Impala Integration Limitations

  • When creating a Kudu table, the CREATE TABLE statement must include the primary key columns before other columns, in primary key order.

  • Impala cannot update values in primary key columns.

  • Impala cannot create Kudu tables with TIMESTAMP, DECIMAL, VARCHAR, or nested-typed columns.

  • Kudu tables with a name containing upper case or non-ASCII characters must be assigned an alternate name when used as an external table in Impala.

  • Kudu tables with a column name containing upper case or non-ASCII characters may not be used as an external table in Impala. Non-primary key columns may be renamed in Kudu to work around this issue.

  • Kudu tables containing UNIXTIME_MICROS-typed columns may not be used as an external table in Impala.

  • NULL, NOT NULL, !=, and LIKE predicates are not pushed to Kudu, and instead will be evaluated by the Impala scan node. This may decrease performance relative to other types of predicates.

  • Updates, inserts, and deletes using Impala are non-transactional. If a query fails part of the way through, its partial effects will not be rolled back.

  • The maximum parallelism of a single query is limited to the number of tablets in a table.
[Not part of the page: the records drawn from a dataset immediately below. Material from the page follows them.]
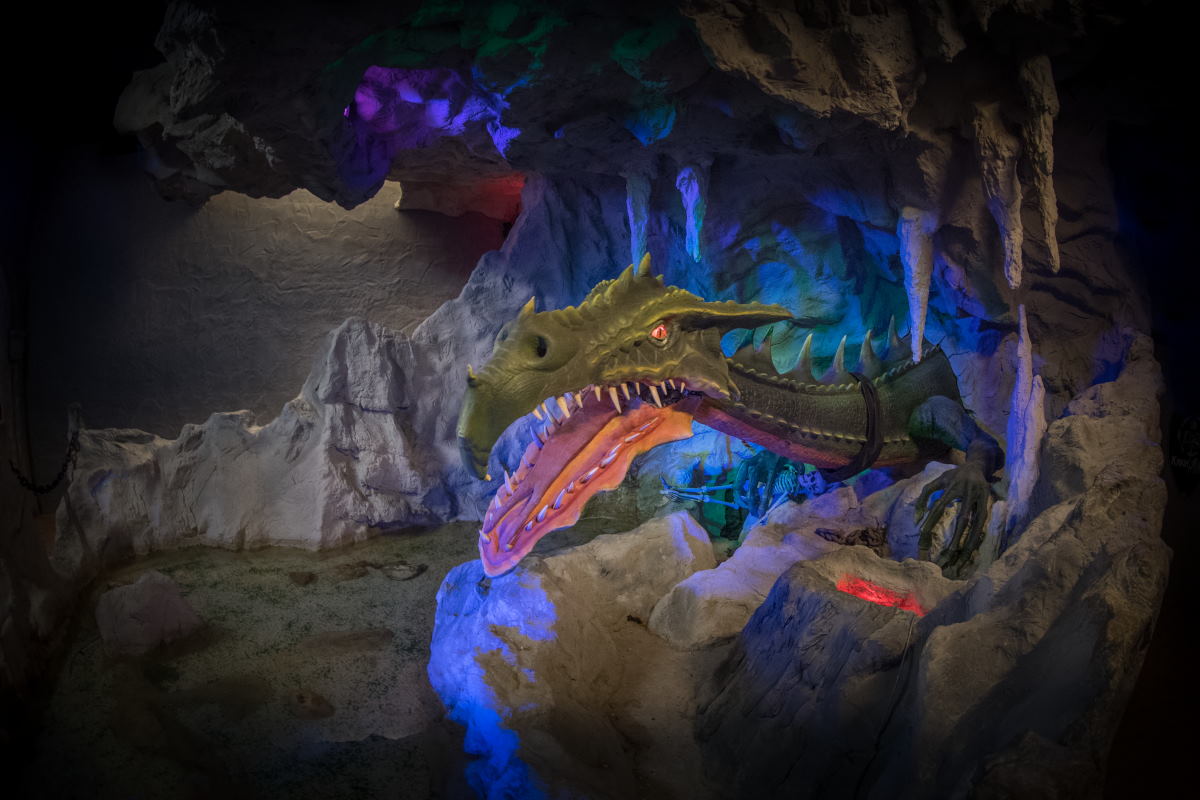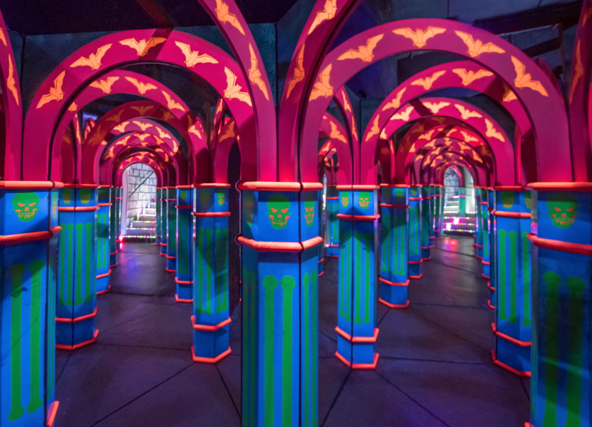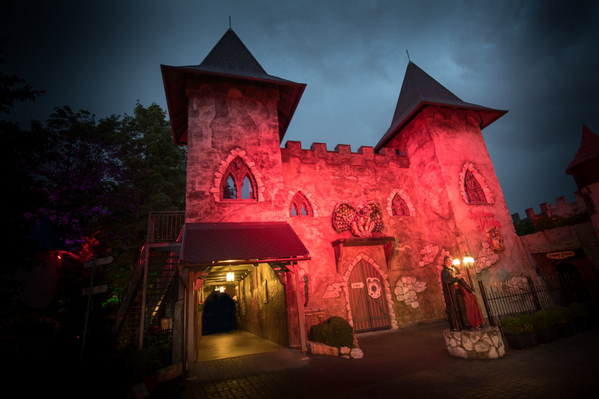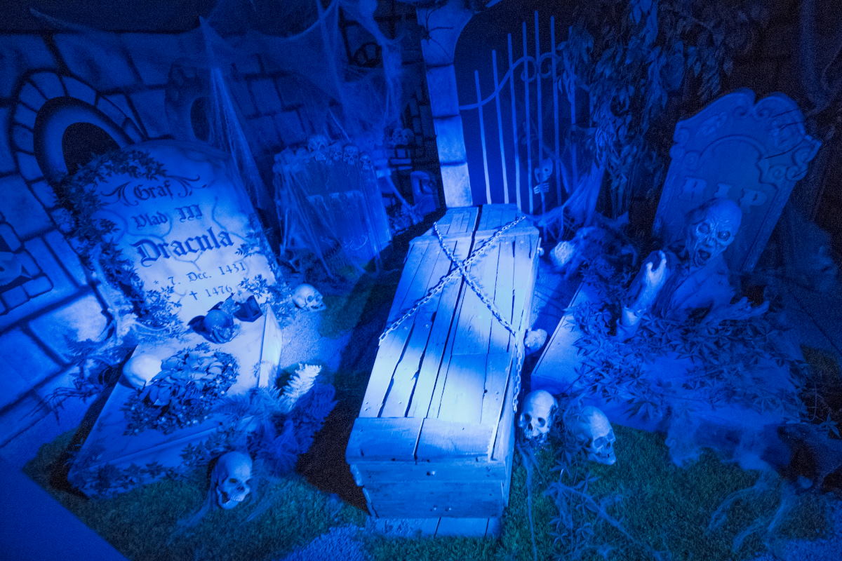 Beim Geisterschloss gibt es Live-Erschrecker, ein Labyrinth und animierte Szenen mit überraschenden Effekten…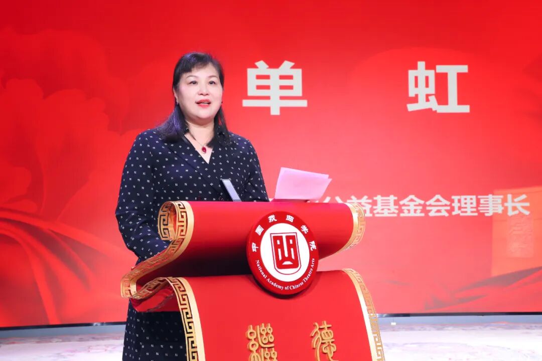 单虹代表北京市京潮公益基金会致辞表示,四年前,当我们与中国戏曲学院共同开启潮剧本科班的办学之路时,就深知这是一项“功在当代、利在千秋”的文化工程。如今,在中国戏曲学院老师的精心培育下,同学们刻苦学习发奋努力,取得了极为丰硕的成果:在央视舞台上绽放光彩、在国家以及北京市和广东省举行的大赛中屡获佳绩,在对外文化交流中也深得好评,还有两位学生成功考上了国戏研究生。我们对此倍感欣慰,这不仅是国戏“精耕细作育英才”的办学成果,更是潮剧艺术在新时代焕发活力的生动写照。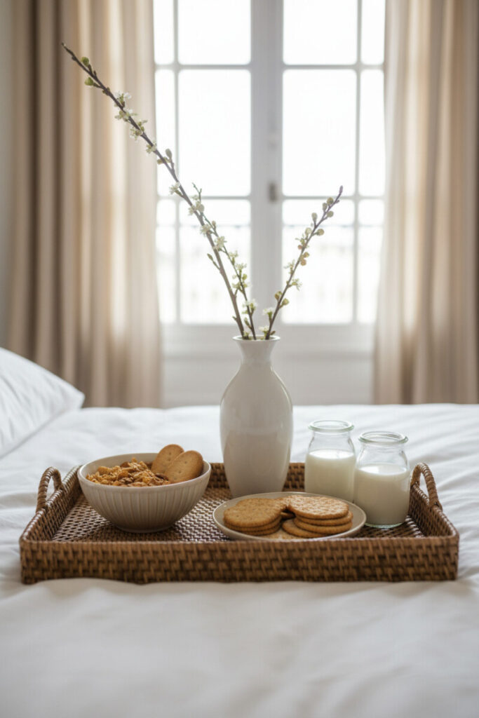 Breakfast-in-bed energy without the mess: a woven rattan tray on crisp white linens offers a ribbed bowl of cereal, a plate of crackers, and two small jars of milk. A tall white vase with delicate sprays punctuates the center. For hospitality, leave a little note about breakfast hours or Wi-Fi inside the tray. These Tray Decorating Ideas make guests feel cared for and keep crumbs contained.

For good analytic performance, aim for 10 or more tablets per host or use large tables.

Impala Keywords Not Supported for Creating Kudu Tables

  • PARTITIONED
  • LOCATION
  • ROWFORMAT

Spark Integration Limitations

  • Kudu tables with a name containing upper case or non-ASCII characters must be assigned an alternate name when registered as a temporary table.

  • Kudu tables with a column name containing upper case or non-ASCII characters may not be used with SparkSQL. Non-primary key columns may be renamed in Kudu to work around this issue.

  • NULL, NOT NULL, <>, OR, LIKE, and IN predicates are not pushed to Kudu, and instead will be evaluated by the Spark task.

  • Kudu does not support all types supported by Spark SQL, such as Date, Decimal and complex types.

Security Limitations

  • Authentication and authorization features are not implemented.

  • Data encryption is not built in. Kudu has been reported to run correctly on systems using local block device encryption (e.g. dmcrypt).

Other Known Issues

The following are known bugs and issues with the current release of Kudu. They will be addressed in later releases. Note that this list is not exhaustive, and is meant to communicate only the most important known issues.

  • If the Kudu master is configured with the -log_force_fsync_all option, tablet servers and clients will experience frequent timeouts, and the cluster may become unusable.

  • If a tablet server has a very large number of tablets, it may take several minutes to start up. It is recommended to limit the number of tablets per server to 100 or fewer. Consider this limitation when pre-splitting your tables. If you notice slow start-up times, you can monitor the number of tablets per server in the web UI.